Provided data —
::::
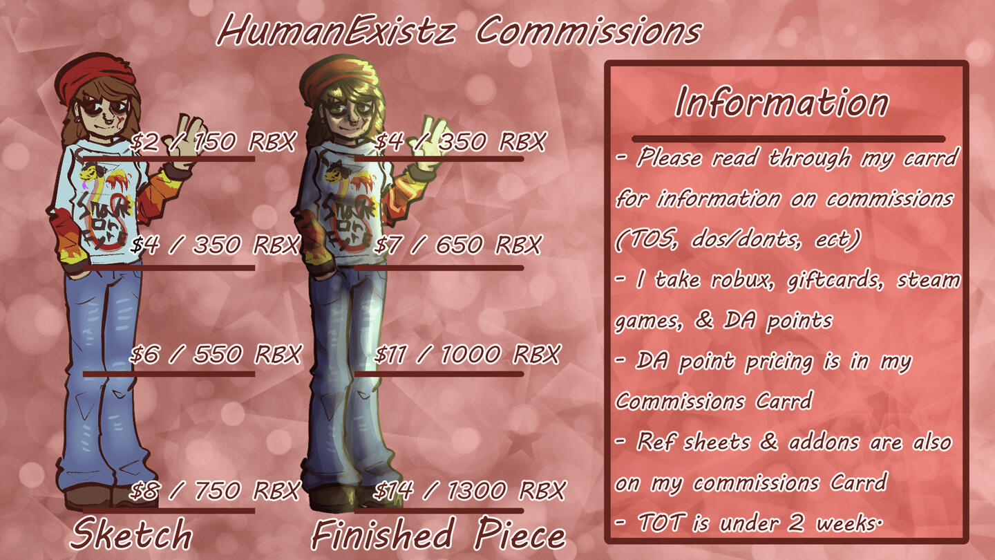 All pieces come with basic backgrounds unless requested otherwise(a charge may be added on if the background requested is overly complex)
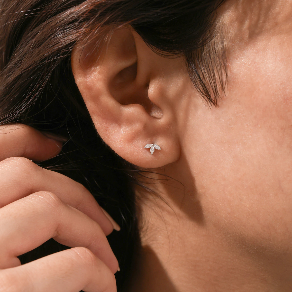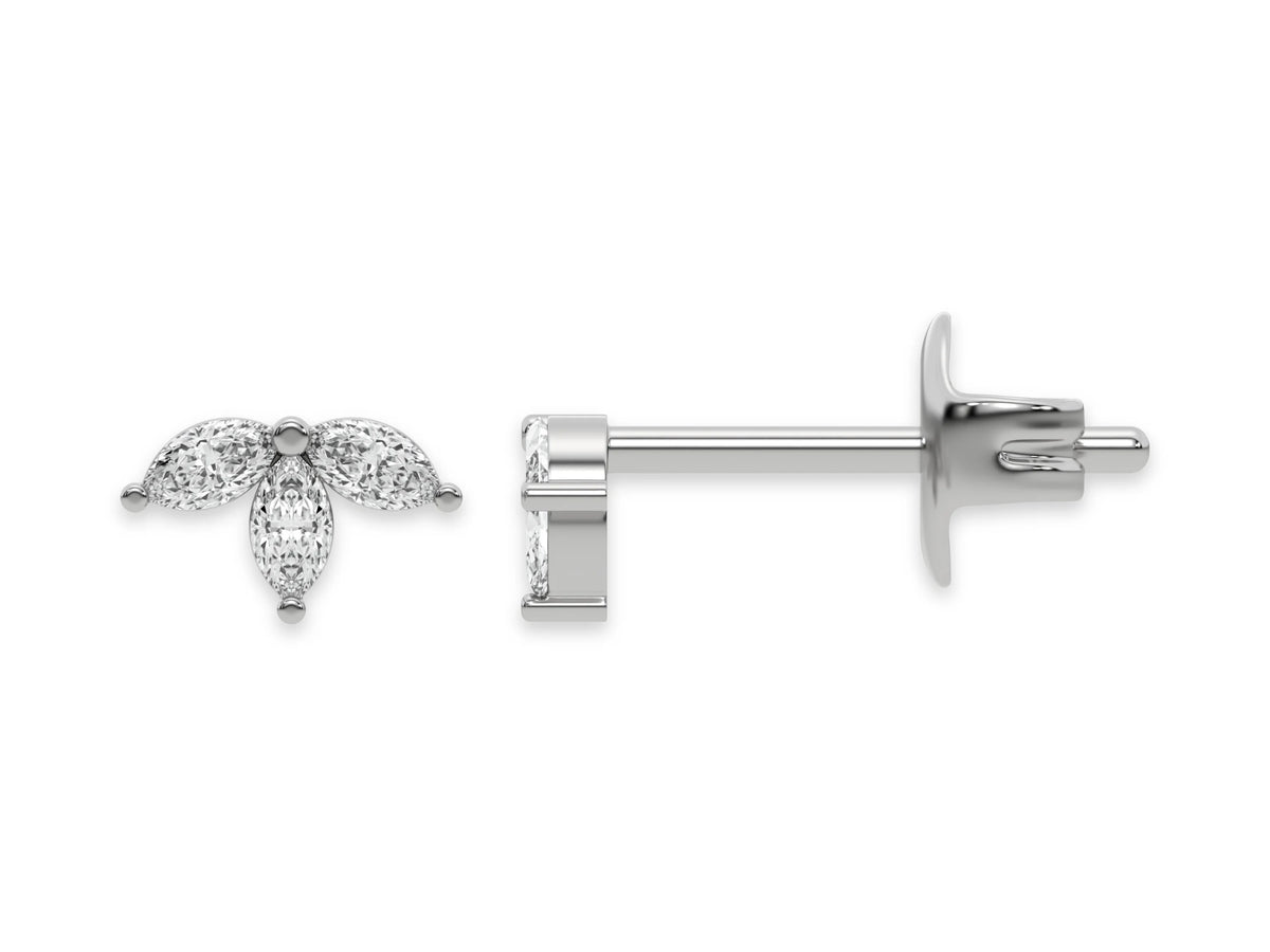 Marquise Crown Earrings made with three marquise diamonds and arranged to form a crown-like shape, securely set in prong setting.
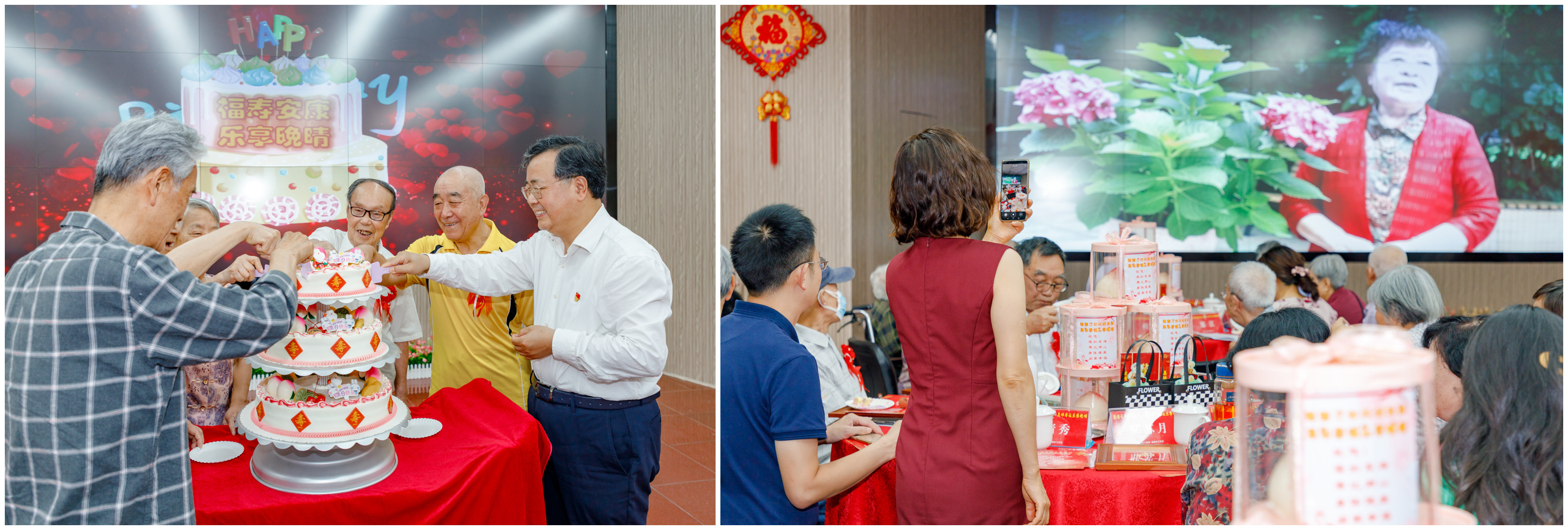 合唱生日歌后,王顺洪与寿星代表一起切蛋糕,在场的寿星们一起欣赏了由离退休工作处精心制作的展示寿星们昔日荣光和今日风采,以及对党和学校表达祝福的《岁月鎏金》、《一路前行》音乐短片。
::::
What you should do —
Output the data above in full and exactly, with every image left out.

Answer box —
 All pieces come with basic backgrounds unless requested otherwise(a charge may be added on if the background requested is overly complex)
 Marquise Crown Earrings made with three marquise diamonds and arranged to form a crown-like shape, securely set in prong setting.
 合唱生日歌后,王顺洪与寿星代表一起切蛋糕,在场的寿星们一起欣赏了由离退休工作处精心制作的展示寿星们昔日荣光和今日风采,以及对党和学校表达祝福的《岁月鎏金》、《一路前行》音乐短片。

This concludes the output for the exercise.